030985 Laser Drive, Toronto, ON

Todd Snelgrove's avatarPosted by

On March 9th, 1985 I went to my first laser show, Laser Drive at the McLaughlin Planetarium in Toronto’s Royal Ontario Museum.  My girlfriend and I had up and decided to leave New Brunswick and throw our hats into the ring in Toronto.  We barely had a nickel to rub together and at first we were each living in our own gender-mandated hostels north of the city.  I eventually got a job as a janitor in a car-rim factory in Newmarket and we rented a room together.

And though I put in a lot of hours we were still pretty consistently broke, but I’ve always been a sucker for big city entertainment so I scrimped and saved up enough spare cash for the two $4 tickets plus bus fare into the city.

The McLaughlin Planetarium (now closed) was a star-tracking facility that featured a round theatre with a domed roof onto which their large, bulbous, cutting edge (for the 1980’s) star-casting machine could project our galaxy from any angle at any point in time, past or future.  

It was an amazing scientific machine that provided valuable information and stellar predictions to a legion of astronomers and other lab-coated professionals laden with cosmic questions and clipboards at the ready.

Plus, it made cool lasers.

And someone figured if they programmed these cool lasers and projected them onto the ceiling roughly in sync with loud rock music recorded on metal cassettes pumping out of state-of-the-art speakers that people would line up to see it, and of course they were right.

As primitive as they were, at the time lasers were still quite novel.  Only bands with the most up-to-date lighting rigs had lasers back then, groups like Genesis or Triumph who were specifically known for their legendary light shows.  The world was still a decade or more from packaging this 21st century wonder into a personal, handheld device perfect for tormenting cats or ruining arena light shows so ROM had no problem filling the planetarium night after night with customers eager to pay four dollars of their hard-earned money (each!) for the chance to watch the vague outline of David Lee Roth spinning to the music of Jump or the rough characterization of a pair of birds while When Doves Cry peals from the speakers.

The planetarium had shows called Heavy Laser, Laser Floyd, Laser Zeppelin…you get the idea.  Laser Drive was more of a top-40 sort of thing, leaning less on the droopy-eyed set and keeping to a more family-friendly mix of CHUM-AM-style pop rock.  I can’t recall the songs exactly (though Jump was certainly one of them); think Girls Just Want To Have Fun, Take On Me, Sunglasses At Night, that sort of thing.

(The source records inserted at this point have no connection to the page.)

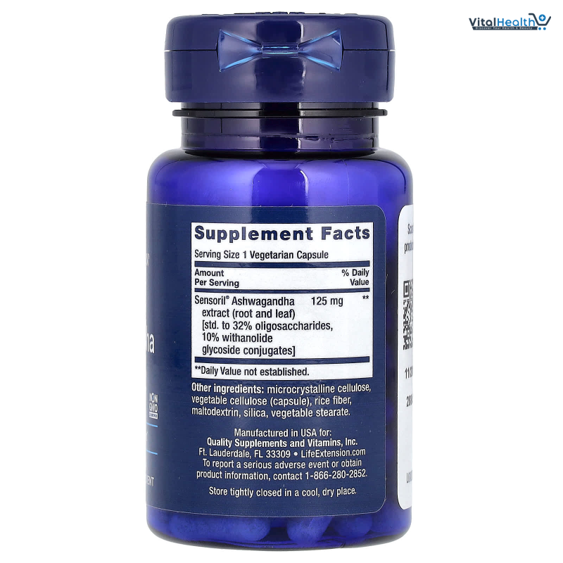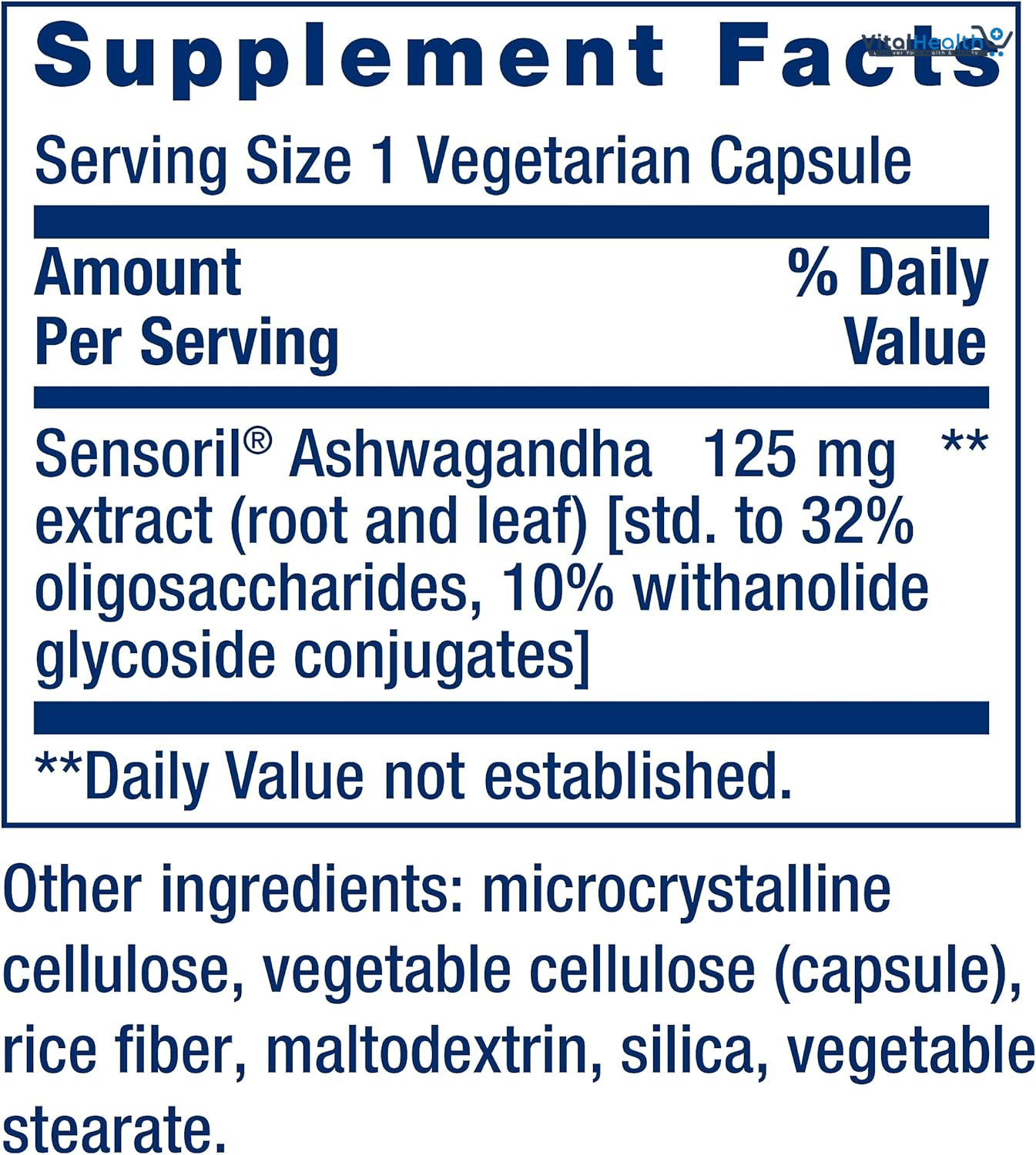 Sensoril Ashwagandha extract (root and leaf) [std. to 32% oligosaccharides, 10% withanolide glycoside conjugates] 125 mg Other ingredients: rice flour, vegetable cellulose (capsule), maltodextrin, vegetable stearate, silica.
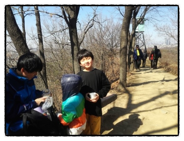 계속 산을 오르다보면 철탑이 보이는데, 마침 여기까지 오면 왠지 숨이 차다. 그래서 철탑 옆에는 벤치가 마련되 있고, 우리가족도 늘 이곳에서 물을 한모금 마시게 된다.
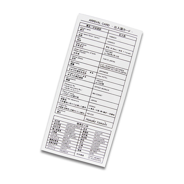 出入国カードの記入例付き
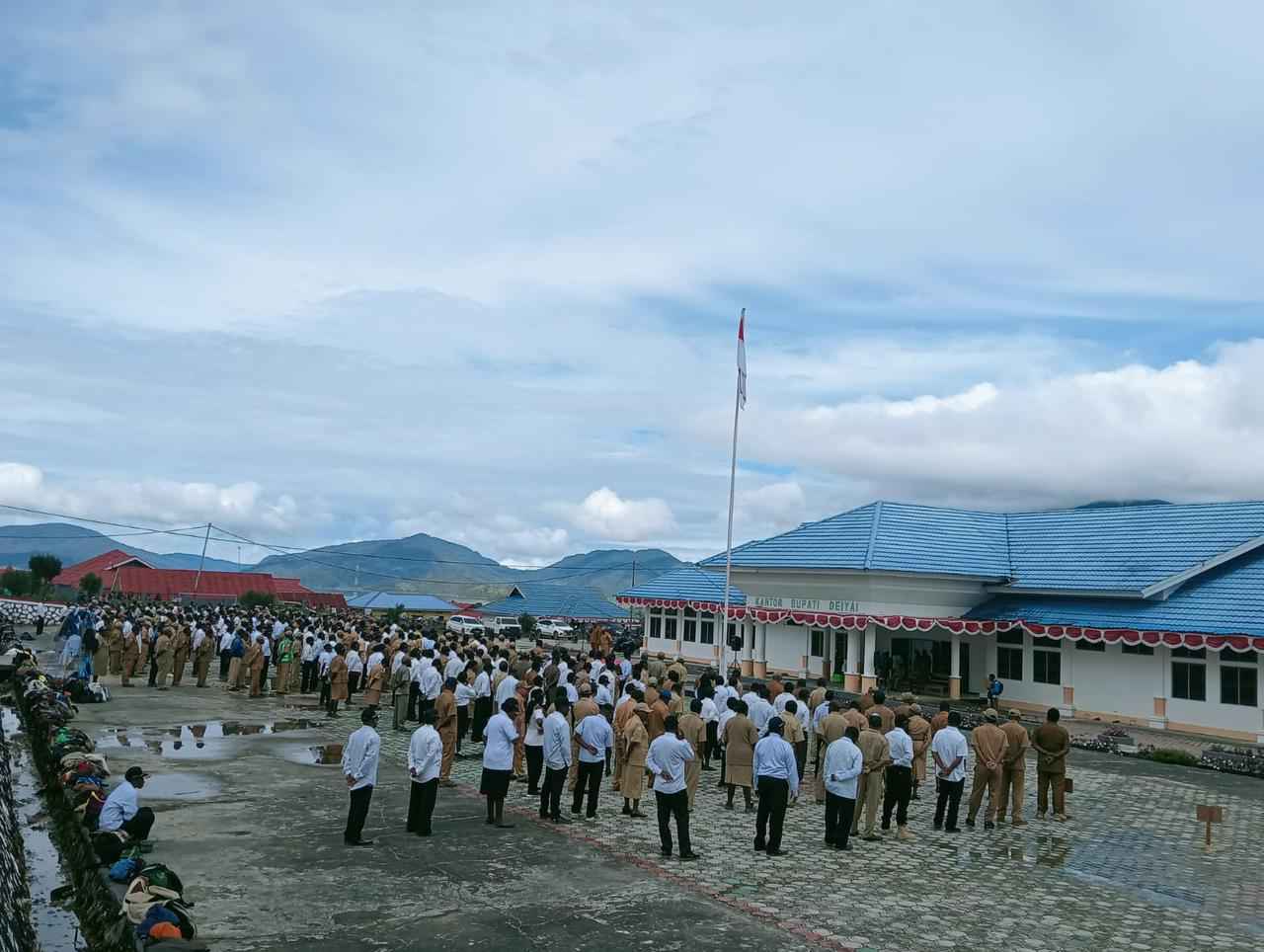Deiyai, 3 November 2025 – Pemerintah Kabupaten Deiyai terus berbenah. Bupati Deiyai, Melkianus Mote, ST, memimpin apel gabungan seluruh ASN dan pegawai di lingkungan Pemkab Deiyai pada Senin (3/11/2025). Apel ini menandai komitmen baru untuk memperkuat disiplin, koordinasi, serta semangat kerja aparatur dalam mendukung pembangunan daerah.
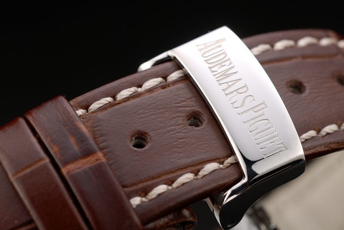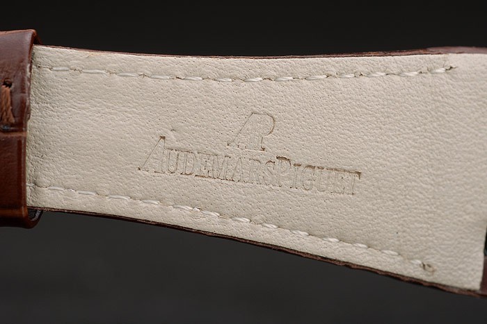 Bracelet: Audemars Piguet ge mbossed bruine krokodil lederen band met Audemars Piguet gegraveerde gepolijst roestvrij stalen haak verborgen clasp
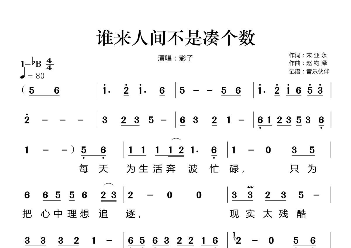 《谁来人间不是凑个数》是影子演唱的一首歌曲,拍号为4/4拍,歌曲速度为每分钟80拍,这份简谱共有两张高清图谱,图谱由 @音乐伙伴 编配上传。
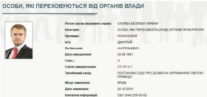 Служба безопасности разместила объявление о розыске "заместителя председателя Совета министров Республики Крым - министра внутренней политики, информации и связи РК" Дмитрия Полонского.

I’d love to say that the young lady and I went out for a lovely dinner and a night of dancing after the laser show but I’m sure even something as humble as splitting a six pack of McNuggets would have stretched our financial capabilities, especially after a day of such reckless splurging.  

My hours at work eventually increased and we ended up going to a few more laser shows and even a couple of concerts before finally packing it in and moving back to Moncton, but money was tight enough during our stay in Ontario that I only afforded myself the luxury of buying one, single six pack of beer in the entire year or more that we lived there.  Pretty surprising for a hard-working seventeen-year-old who was renting his own place.